The Ashes urn is one small trophy
Meanwhile, the world of professional cricket has been abuzz with the ongoing drama of the Ashes.  This is a showdown between England and Australia.  It's named the Ashes because the first time that Australia beat England on their home turf in what should have been an easy win, a newspaper quipped that English cricket was dead and the ashes were being sent to Australia.  The captain of the England team commented, as they headed down under shortly thereafter, that they were going to bring the ashes back.  In reference to that, his future wife gave him a little urn (just a few inches high) with some ashes inside -- and that's what they play for.  You gotta love the wonderful absurdity of tradition in sports: Stanford and Cal play for an axe blade; England and Australia play for a Victorian perfume bottle.

Spot the heat spot
Just as with baseball, the Ashes is (are?) played as a sequence of matches.  England won the first one, but just barely, after blowing a pretty good lead.  It also depended on a video review that used a heat signature to prove that the ball just barely tipped the bat before being caught -- therefore getting the batsman out.  Talk about a close shave!

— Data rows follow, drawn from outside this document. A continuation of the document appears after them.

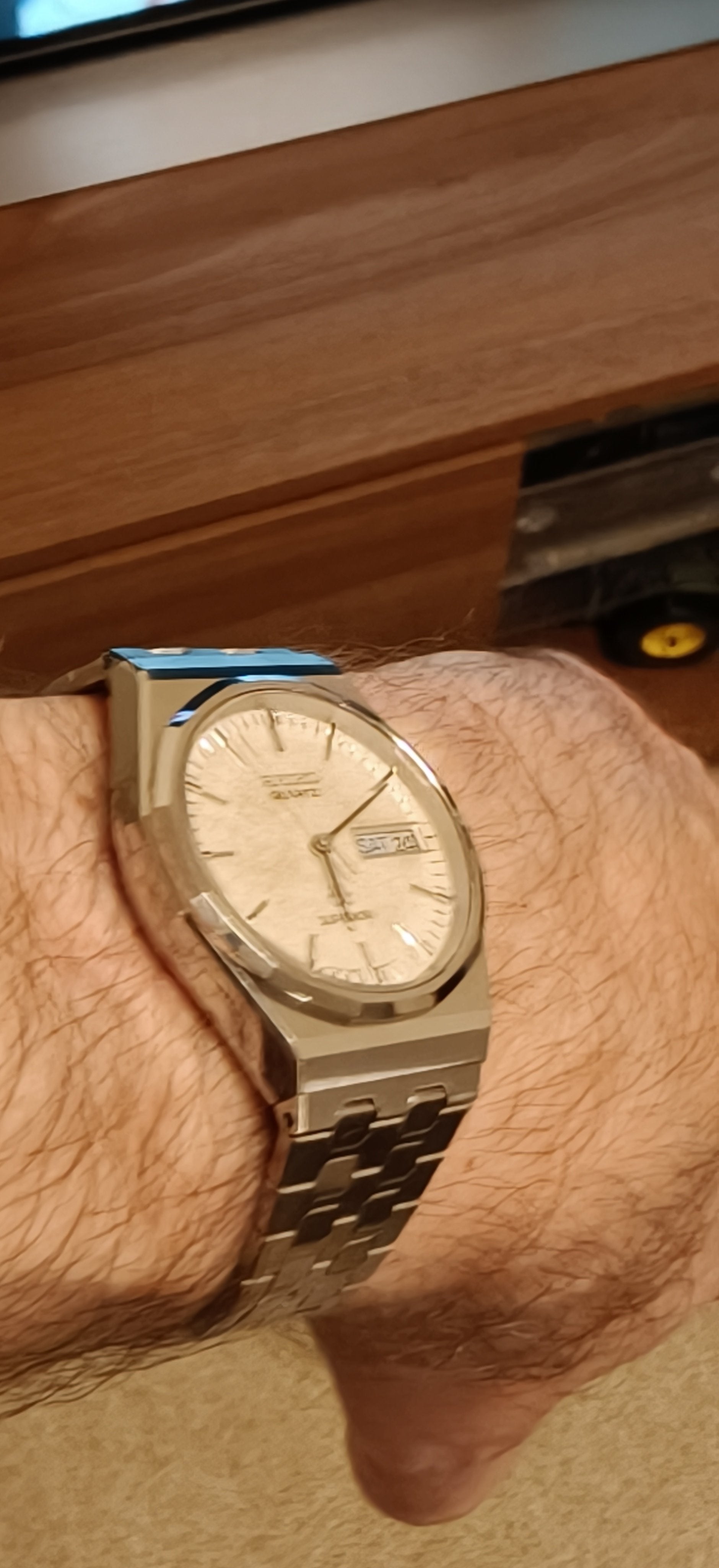 The finest of Quartz from Suwa Seikosha, rare to get one in this condition - fully overhauled, new gaskets, seals and a battery - extra link also available. Famous for the price tag they came with - with inflation these watches would cost over $4K nowadays.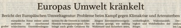 "Deutschland gehört in puncto Klimaziele 2020 zu den Schlusslichtern in der EU. Neben Deutschland werden nur sechs andere EU-Staaten ihre Vorgaben nicht erfüllen. Die anderen 21 Nationen übererfüllen ihre Ziele sogar. Spitzenreiter sind demnach Ungarn und Kroatien, die fast 30 Prozent weniger CO² ausgestoßen haben werden als erlaubt."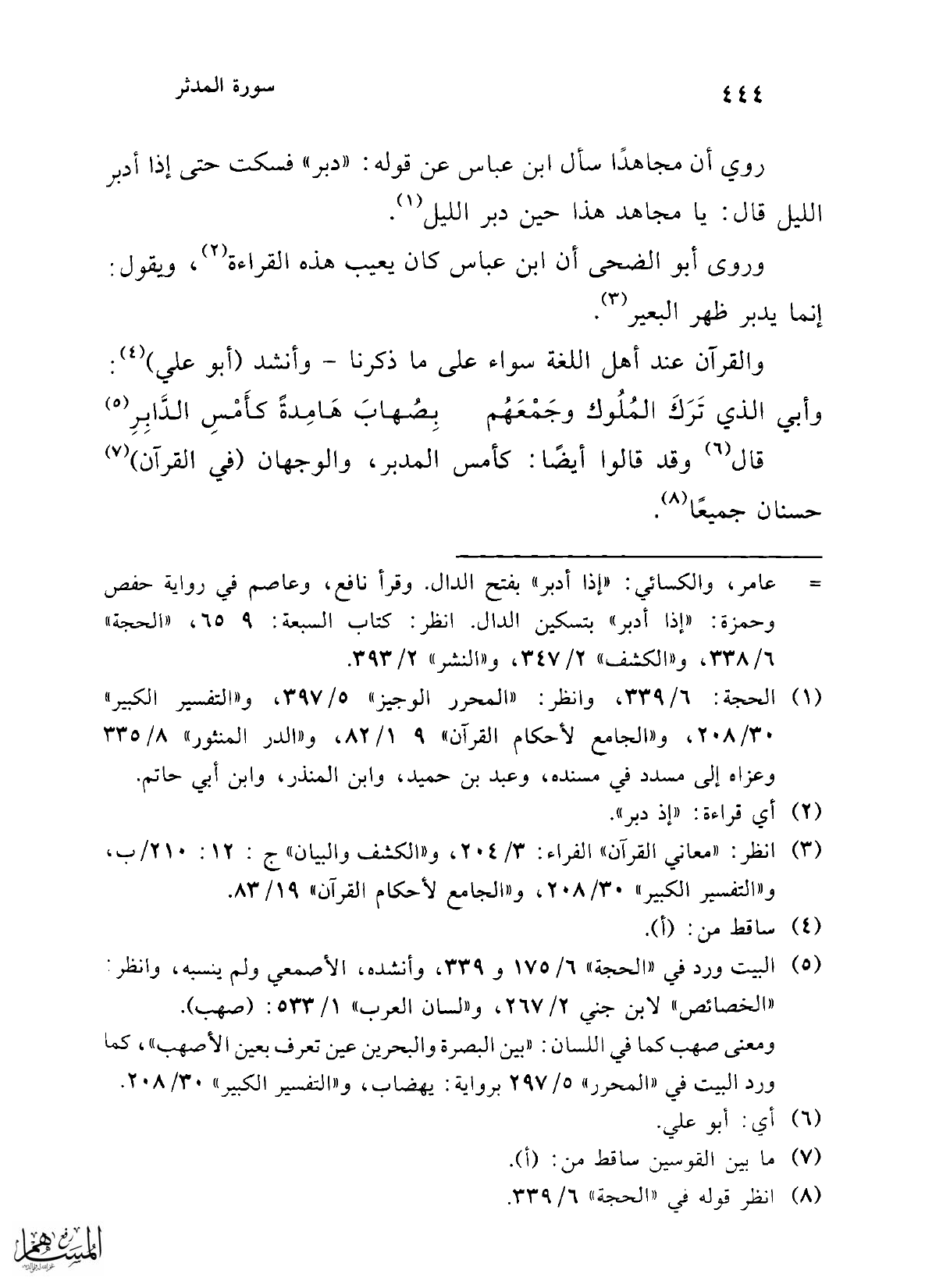 (¬9) في: أ، وع: التأنيث، والصواب ما أثبته.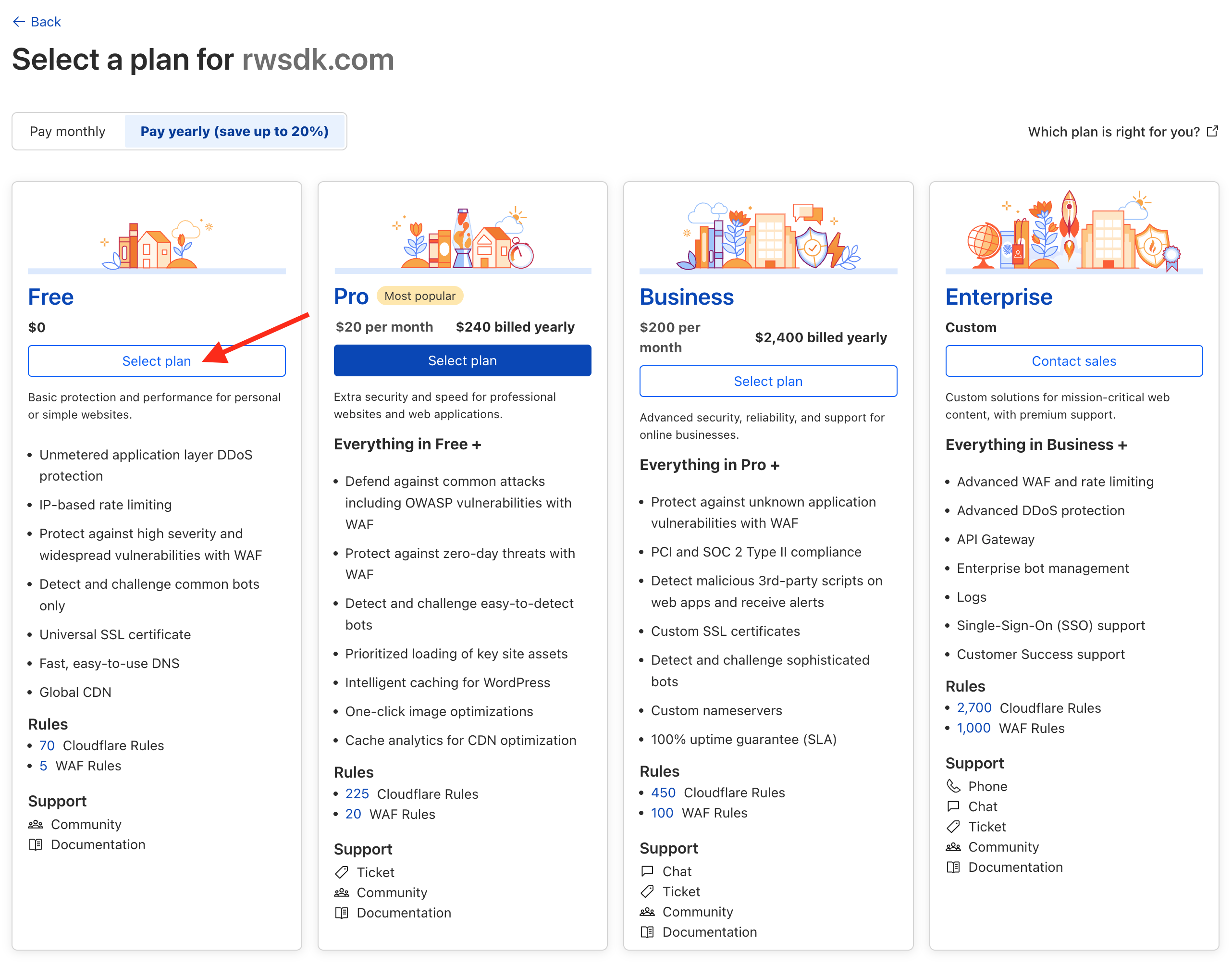 Cloudflare will ask you to select a plan for this domain. You can select the Free plan, which is perfect for most use cases (and you can always upgrade later, if you need). Click Select plan.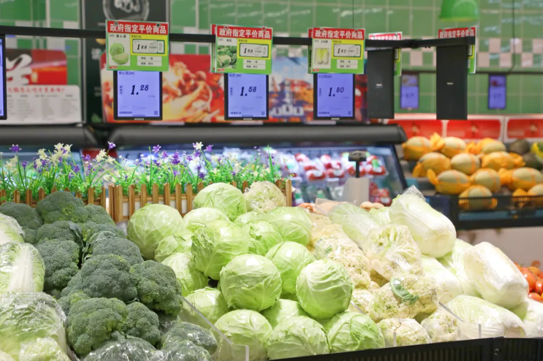在平价商品专营区内,记者看到货架上陈列着大白菜、菜花、西红柿、黄瓜等10种蔬菜,以及鸡蛋、米、调和油等品类。每种商品均配有统一的“平价商品”价格标签,与普通商品明确区分。据了解,本次平价商品涵盖粮、油、肉、蛋、蔬菜、水果等六大类共17个品种,销售价格均低于市场综合平均价,其中粮、油、肉、蛋、水果类价格下浮10%,蔬菜类价格下浮15%。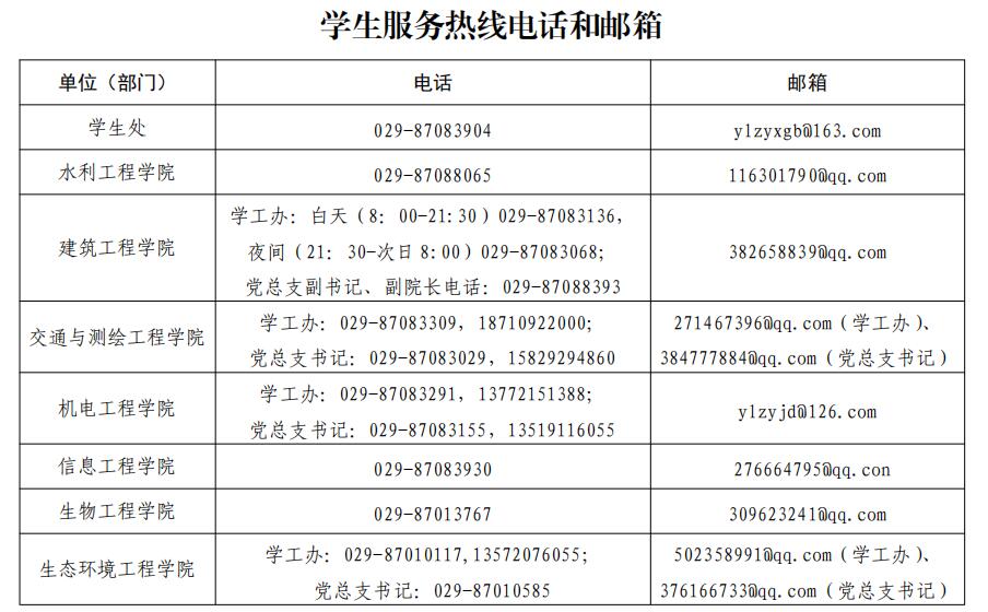为进一步提升疫情防控期间学生服务水平,确保学生高质量的校园生活,现将学生处、各二级学院和党委(校长)办公室的服务热线电话、邮箱予以公布。各位同学如有学习、生活等方面的需求,请及时联系相关部门和所在分院。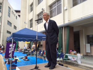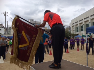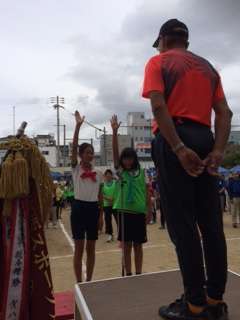 ご来賓の吉崎区社協会長様のご挨拶、トロフィー返還(去年は7町会が優勝でした。)に続いて、選手宣誓は児童代表6年生の末藤さんと塩見さんです。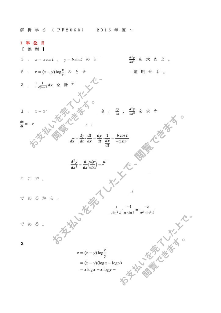 1.x=a cost , y=b sint のとき,dy/dx , (d^2 y)/〖dx〗^2 を求めよ。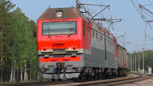 2ЭС6-173 "Синара" с грузовым поездом следует через о.п. Строитель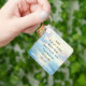 Custom message or quote keychain with your message printed on an oil painting depicting a sunrise at sea with clouds and calm waves.
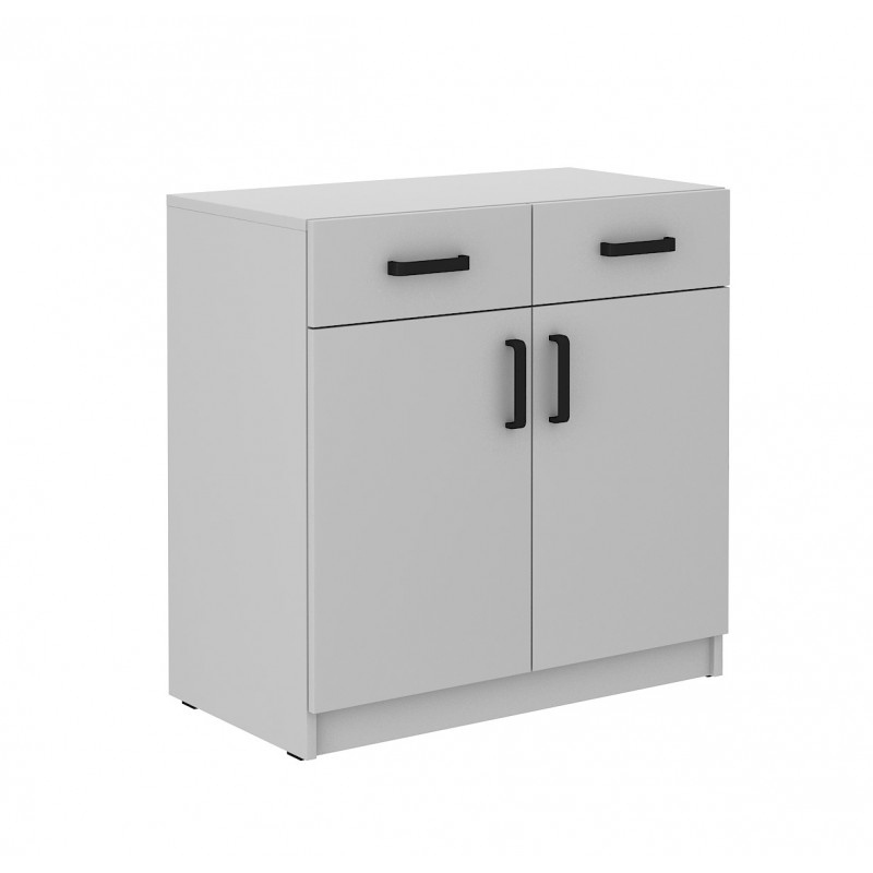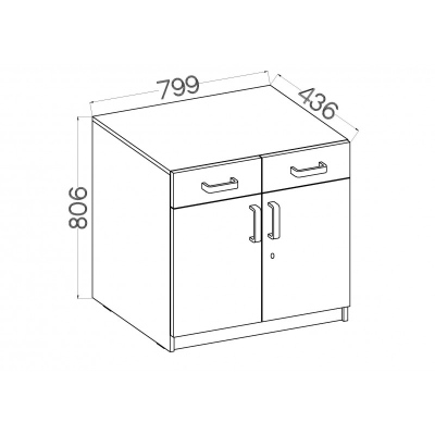 Praktická dvoudveřová skříňka se šuplíky je mimořádně funkčním kusem do kanceláře či pracovny. Do zásuvek můžete schovat drobnosti jako psací potřeby a police využijete k odkládání dokumentů, které potebujete mít neustále po ruce. Spodní police pak budou perfektním místem pro pořadače.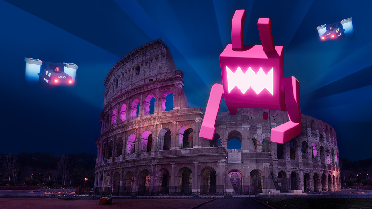 This is Helen Replay, speaking to you from Rome! The Colosseum is destroyed. I repeat, the Colosseum is destroyed. 50,000 people fled the building and it is currently unknown whether the Gladiator Contest tickets will be refunded. WTF, Winged Team Forces, are scattered over the city, trying to save the citizens and reduce casualties. What does these aliens look like up close? Like a sci-fi prop made of cardboard of rage!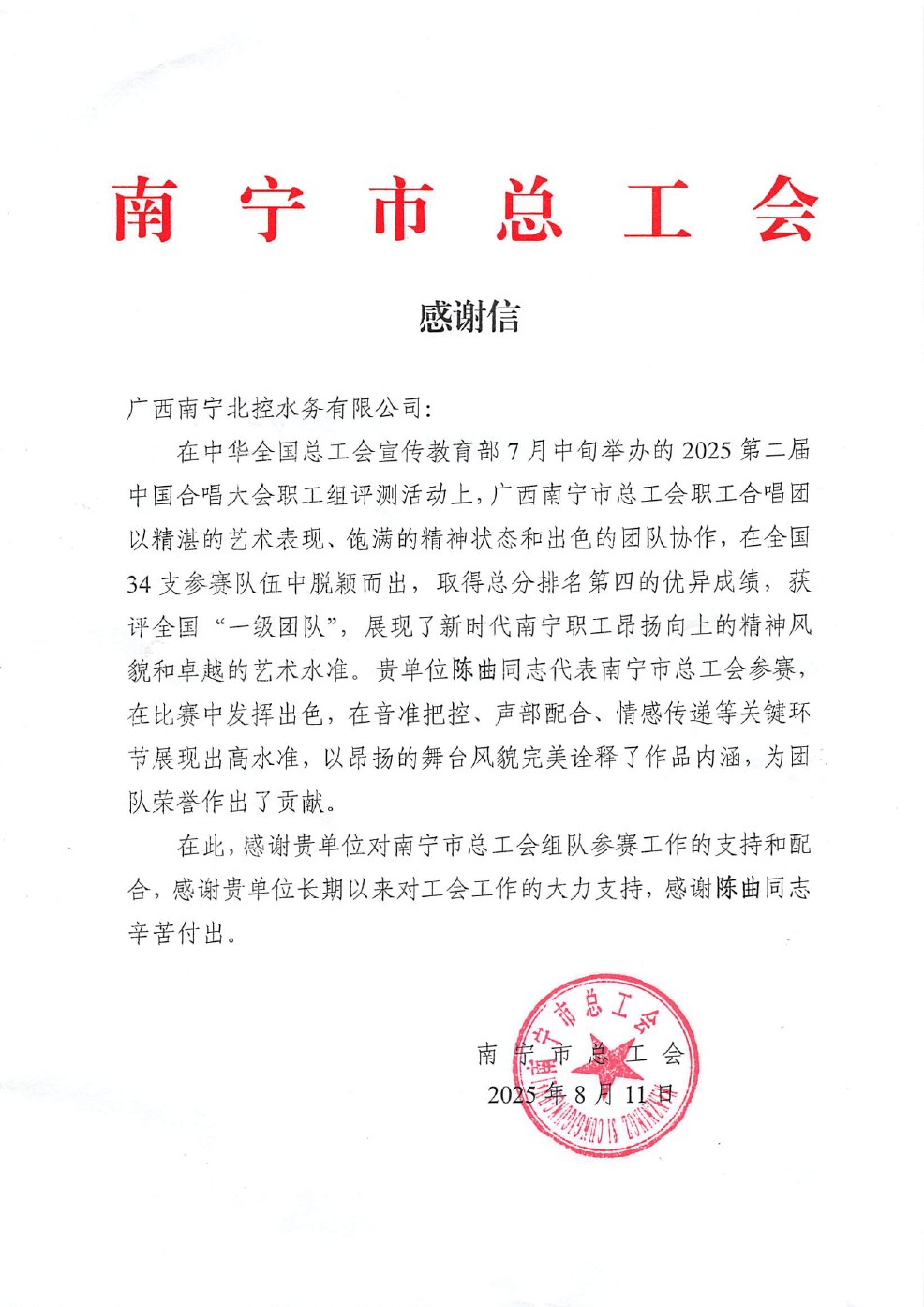廣西南寧北控水務有限公司獲南寧市總工會致信表揚2025-08-25

And did I mention the weather has been amazing?  It seriously feels like I'm in California -- in fact, the numbers show that it has been warmer than home this week.  I'll be able to test that comparison myself in a few days, but I decided to stay in Cambridge for most of July in order to make a big push on my dissertation.  I did manage to get a revised Chapter 1 to my supervisor, and I got plenty of feedback on it...  It's interesting speaking to other Trinity Hall PhD students who started when I did, because we're all coming onto the straightaway, and we're all starting to feel a bit bored with our projects, very ready to just get them done  and out of our lives.  But meanwhile, summer evenings are for savoring, and I can't think of any better way to spend one than out in a field catching a ball.

Thursday, June 27, 2013

Back to work (well...)

Cambridge students have a slight problem in terms of their online presence.  All that's really visible to the outside world -- our facebook friends, family, blog readers -- are depictions of us in black tie, hobnobbing like high-class toffs.  In our defense, that's the kind of stuff you want pictures of.  Hunching over one's laptop in the library doesn't tend to scream "Kodak moment" to most people.  (As an aside, do you think that expression will live on now that film is not the primary means of taking snapshots for most people, or will I just keep using it in isolation, the way my father still calls the refrigerator the icebox?)  In any event, there has been the usual array of such events to document in the past couple weeks.  Here's a snapshot version of them:

  • Choir dinner.  Not nearly as much fining as last year, which is a good thing given I've been up to embarrassing shenanigans...
  • MCR farewell dinner.  I laid off the alcohol but enjoyed seeing my friends celebrate the end of the year.  It was also following the one good day of bumps, so I was feeling good.
  • Boat Club Dinner.  Pretty self-explanatory.  Lots and lots of attempted or real boat club incest to watch happening at the after-party.
  • Downing May Ball.  Finally a may ball that lived up to its reputation!  A good group of friends, plenty to do, see, eat, and drink.  Happy!
  • Trinity Hall June Event.  This remains the best event of the year, in my opinion.  Between the college grounds being so cozy and knowing such a high percentage of people, I can just wander carelessly until I bump into people I know, chat with them, go see some music or dance at the silent disco, or whatever, and then move on again.  Love it so much.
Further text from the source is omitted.